İsrail savaş uçakları son iki hafta içinde Lübnan'ın
güneybatısındaki Sur kentinin farklı bölgelerini ve Akdeniz kıyısındaki farklı
bölgeleri sürekli olarak bombaladı. Siyonistlerin vahşi saldırıları, 70 bin
nüfuslu bu şehrin yerleşim merkezlerinin ve hayati altyapılarının pek çok
bölümünü yok etti.
Sur şehri geleneksel olarak Emel hareketinin kökeni olarak
kabul edilir ve Baalbek ile birlikte Lübnan'ın güneyindeki en önemli Şii
merkezlerinden biri olarak kabul edilir. Siyonist rejimin Tire şehrine yönelik
yoğun saldırıları, bazı analistlerin aklına Siyonist rejimin muhtemelen
güneydeki bu önemli şehir için sinsi bir plan tasarladığı fikrini getirdi.
Bu hipotezden hareketle Siyonistler ilk etapta sürekli
saldırılarla bu şehrin halkını tahliye etmeye çalışıyorlar. Böylece ikinci
aşamada bir operasyonla donanma komandolarını ve paraşütçü saldırı birliklerini
karaya çıkararak amfibi bir operasyon gerçekleştirecekler.

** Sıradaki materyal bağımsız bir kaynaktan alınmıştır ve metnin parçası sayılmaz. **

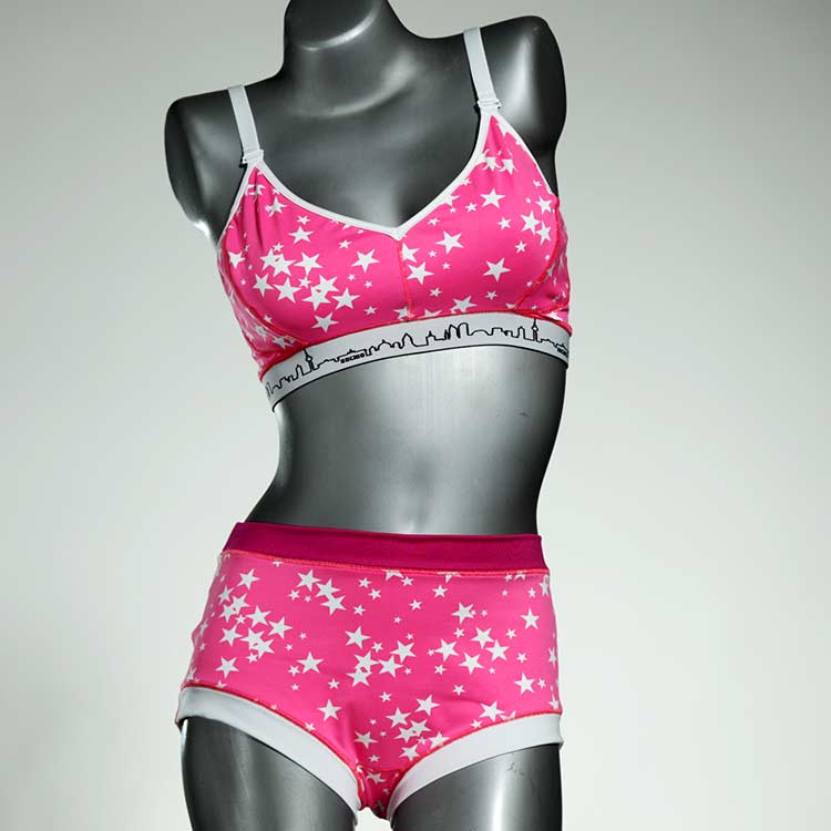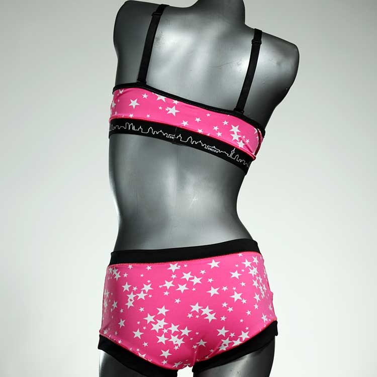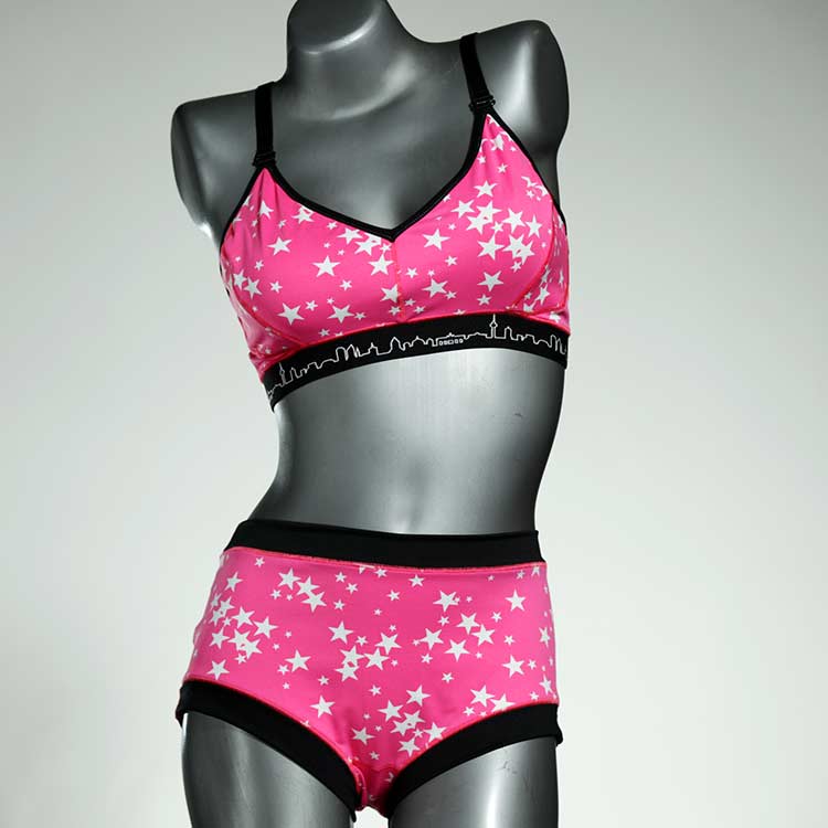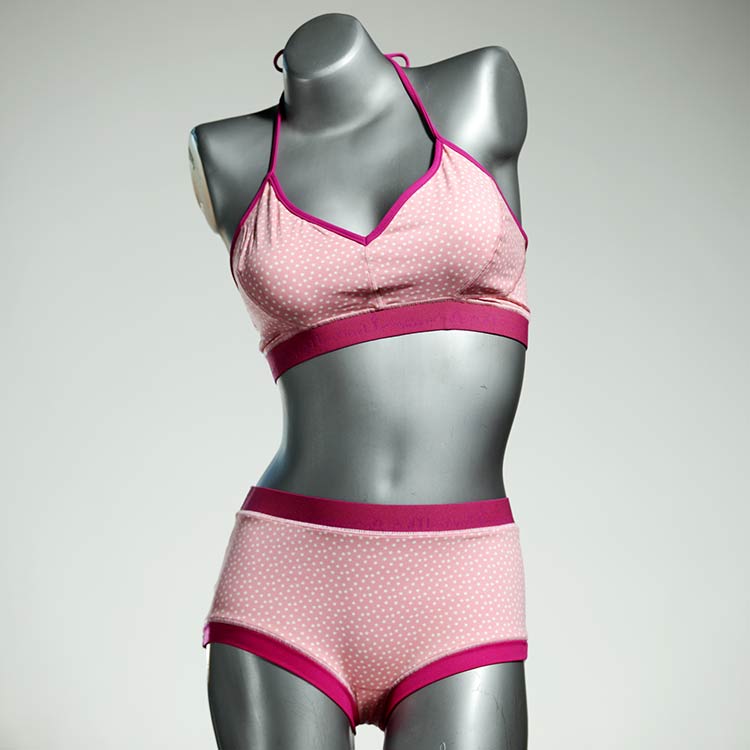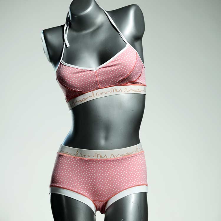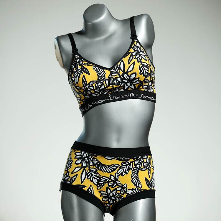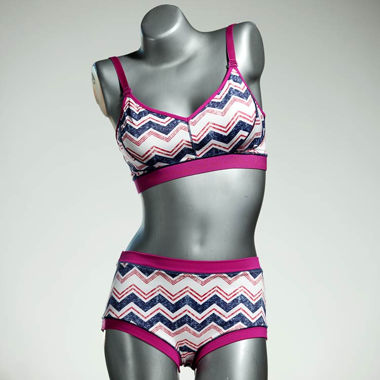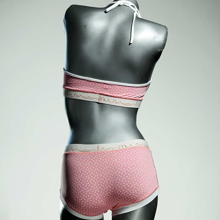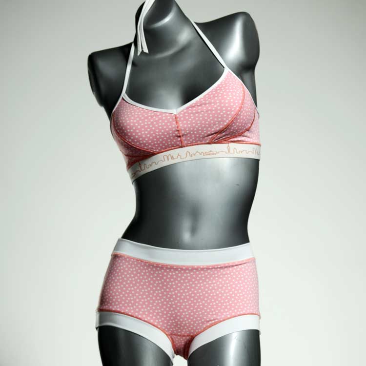 Diese schöne und bequeme Bikini-Set ist ein echtes Unikat und wurde in unserem Atelier in Berlin für Sie zugeschnitten, entworfen und genäht. Wir erschaffen täglich neue Strandmode-Einzelstücke aus weichen, bunten und lichtechten Lycrastoffen.

Bu tahmin, Lübnan'ın güney cephelerindeki Siyonist ordusunun
5 tümeninin Lübnan'daki İslami direniş savaşçılarının karşısında başarısız
olmaları nedeniyle önerildi ve Tel Aviv muhtemelen oyunu bozmak ve bu çıkmazdan
kurtulmak için hadsiz ve öngörülemeyecek bir eylemle savaşın kaderini
değiştirmeye çalışıyor.
Bu analitik çerçevede, çağrı cihazları operasyonu ve
Hizbullah Genel Sekreteri Seyyid Hasan Nasrallah'ın şehit edilmesi yoluyla
direnişe psikolojik darbe indirmek istemesi gibi bu saldırının, İsrail savaş
gemilerinin yoğun ateşiyle desteklenmesi ve UNIFIL adı altında Lübnan'ın su
sınırlarının güvenliğinden sorumlu Alman kuvvetlerinin işbirliğiyle, ağır bir
saldırıyla Filistin sınır hattındaki direnişi dağıtmak, Lübnan içindeki güçlere
nüfuz etmek ve istikrarı sağlamak için bir fırsat olarak kullanabilir.
Ayrıca bu amfibi harekâtın ilk etapta başarıya ulaşması ve
Tire'deki olası savunma hattını geçmesi halinde, bu şekilde direniş güçlerini
işgal altındaki Filistin ve Lübnan sınırlarının kenarından Litani bölgesindeki
çatışmaya doğru itmek için rejim kuvvetlerinin Litani Nehri üzerinden
geçirilmesiyle Siyonist rejimin Başbakanı'nın en önemli siyasi hedefine
ulaşması için gerekli zemini sağlayabilir.
Ancak bazı askeri ve stratejik uzmanlar böyle bir senaryoyu hayata
geçirmenin zor olduğunu çünkü böyle bir operasyon için komando ve paraşütçü
birliklerinin konuşlandırılmasının yeterli olmadığını ve Sur kentine girebilmek
için en az bir tümenin operasyonel güç olarak kıyı bölgesine girmesi
gerektiğini belirtiyor.
Bu sırada 5 tümen, yaklaşık 8.000 askerle Lübnan ile işgal
altındaki Filistin arasındaki 120 km'lik sınır boyunca savaşıyor. İki hafta
önce sınırın doğu ucuna götürülen 146, 36, 91, 98 ve 210 numaralı beş tümen
çatışma halinde ve 35 gün süren kara savaşında yaklaşık 95 ölü ve 900 yaralı
dışında hâlâ önemli ve stratejik bir başarıya imza atamadılar.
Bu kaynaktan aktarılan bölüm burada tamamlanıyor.